Bu korkunç rakamlar bu hastalık için çare arayışlarını hızlandırdı. Ancak çarenin herkes için olmadığı kısa sürede Güney Afrika’da anlaşılacaktı. AIDS’e tedavi bulunmuştu, artık HIV’den ölmek Avrupa ve ABD gibi gelişmiş ülkelerde istisnai bir durum haline geliyordu, elbette kapsül ücreti 30-40 dolar arasında değişen ilaçları alacak gücünüz veya sigortanız varsa. Ancak Afrika kıtasının en zengin ülkesi Güney Afrika için günlük 40 dolarlık bir kapsül haftalık 68 dolar düzeyinde olan ortalama ücretler düşünülünce büyük bir imtiyaz, sadece aşırı zenginlerin ulaşabildiği bir imkan demekti. Ülkedeki sayıları binleri geçmeyen tedaviye erişenler için AIDS cep yakan bir hastalık, toplumun geri kalanı içinse adının bile anılmaya korkulduğu ve “o hastalıktan olmuş” denen insanın betini benzini attıran Azrail'di.

Güney Afrika’da HIV’in bir kapsülü 40 dolardan satılıyorken Tayland’ın devlet eliyle ürettiği benzer bir ilaç 5 sentten satılabiliyor.
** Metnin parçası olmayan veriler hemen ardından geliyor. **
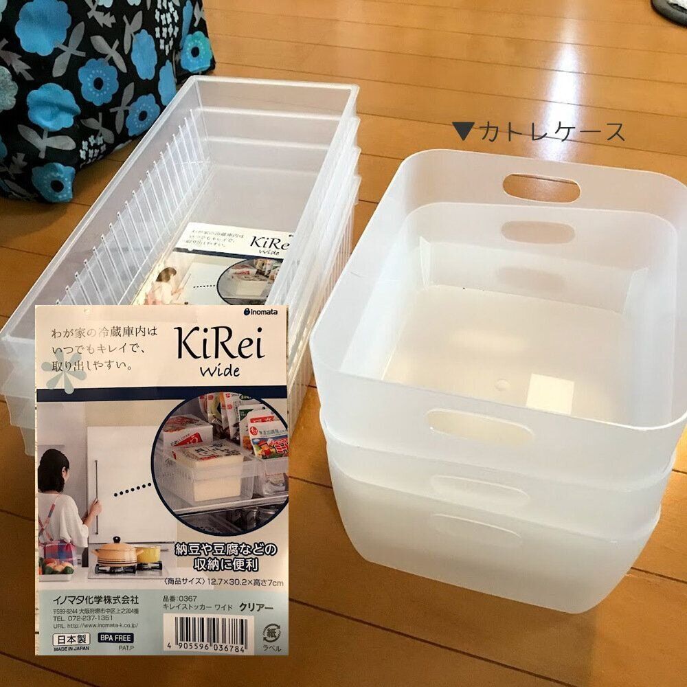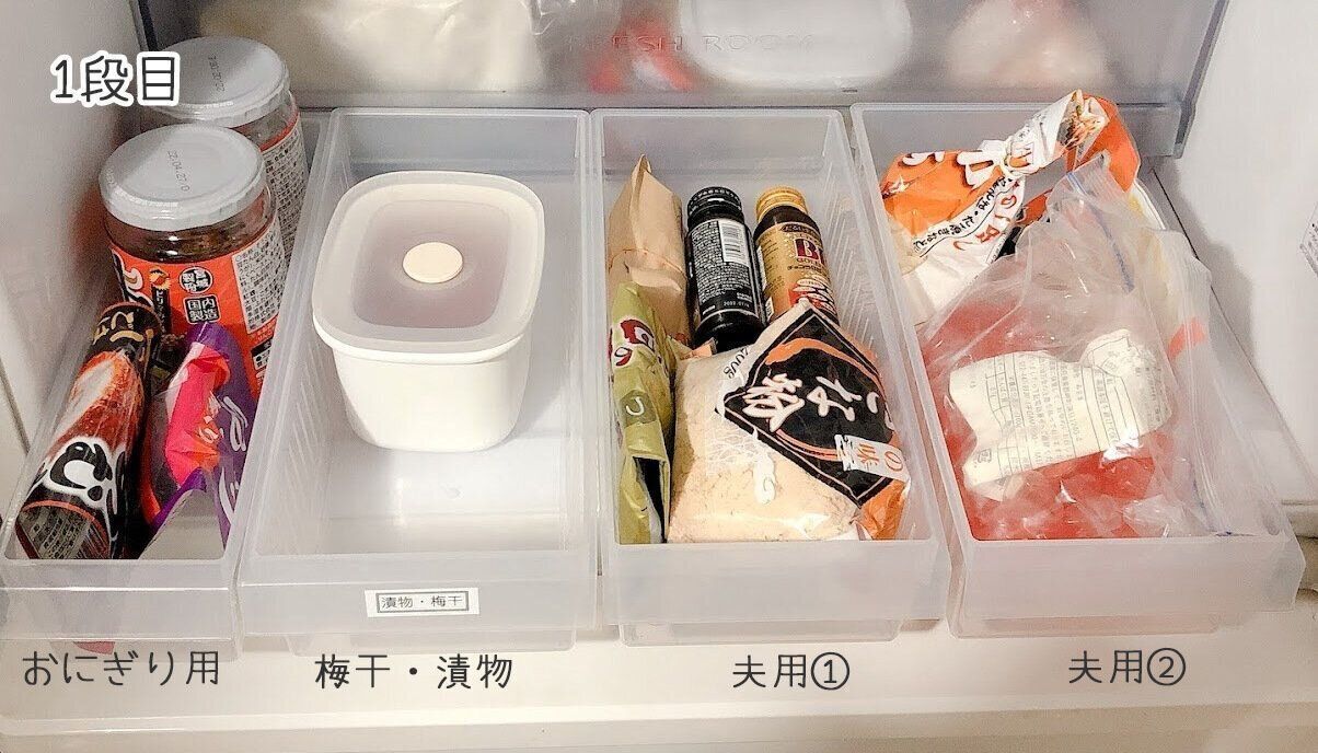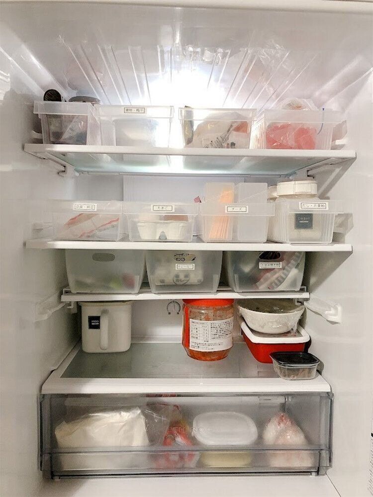 冷蔵庫収納には、あえて中身が見える半透明のケースを使っています。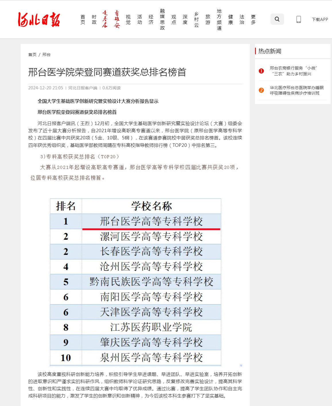 12月初,全国大学生基础医学创新研究暨实验设计论坛(大赛)组委会发布了近十届大赛分析报告,自2021年增设高职高专赛道以来,开元集团网站(原邢台医学高等专科学校)在四届比赛中共获奖20项(5金、10银、5铜),在该赛道参赛院校中居获奖总排名榜首。该校连续四年获优秀组织奖,基础医学部教师周晴在专科高校指导教师排行榜(TOP20)中排名第三。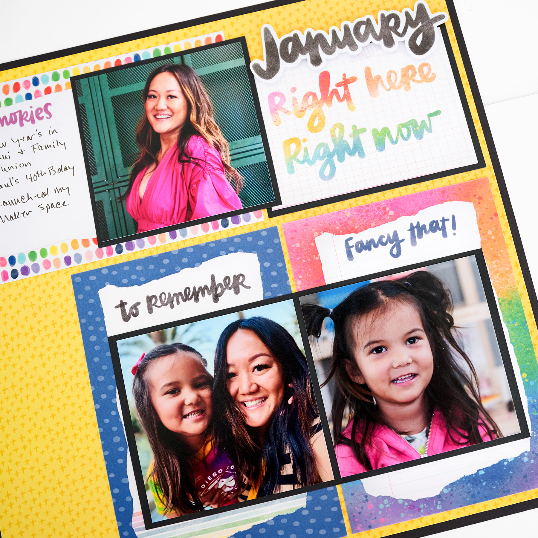 It doesn’t take much to make your favorite memories stand out. Try using bright fun colors to highlight the moments you love most and create a layout that truly shines!

Ancak ilaç Tayland’da hastalar Güney Afrika’da. Tayland’dan neden ilaç sipariş edilmiyor? Nedenine bakalım.

Firmaların kalkanı: Patent

“Bu ilaç çok pahalı daha ucuzunu almak lazım” denildiğinde ve bunun olamaması ilaç sektörünün çalışma şekli hakkında panorama sunuyor. Şirketler, ilaçlar ya da aşılar üretildikten sonra küresel ticaret yasaları ve fikri mülkiyetin korunması gereğince patent alımına başvuruyor. Patent süreleri 5-10 yıl arasında oluyor. Patent alan firmanın ürettiği ilacın muadili ilaçları üretmek yasak. Patenti çıkaranlar, ilaç araştırma ve geliştirme süreçlerinin maliyetini gözeterek üretici firmaların çalışmalarını sürdürmesi ve teşvik için veriliyor. Yani firmanın korunması.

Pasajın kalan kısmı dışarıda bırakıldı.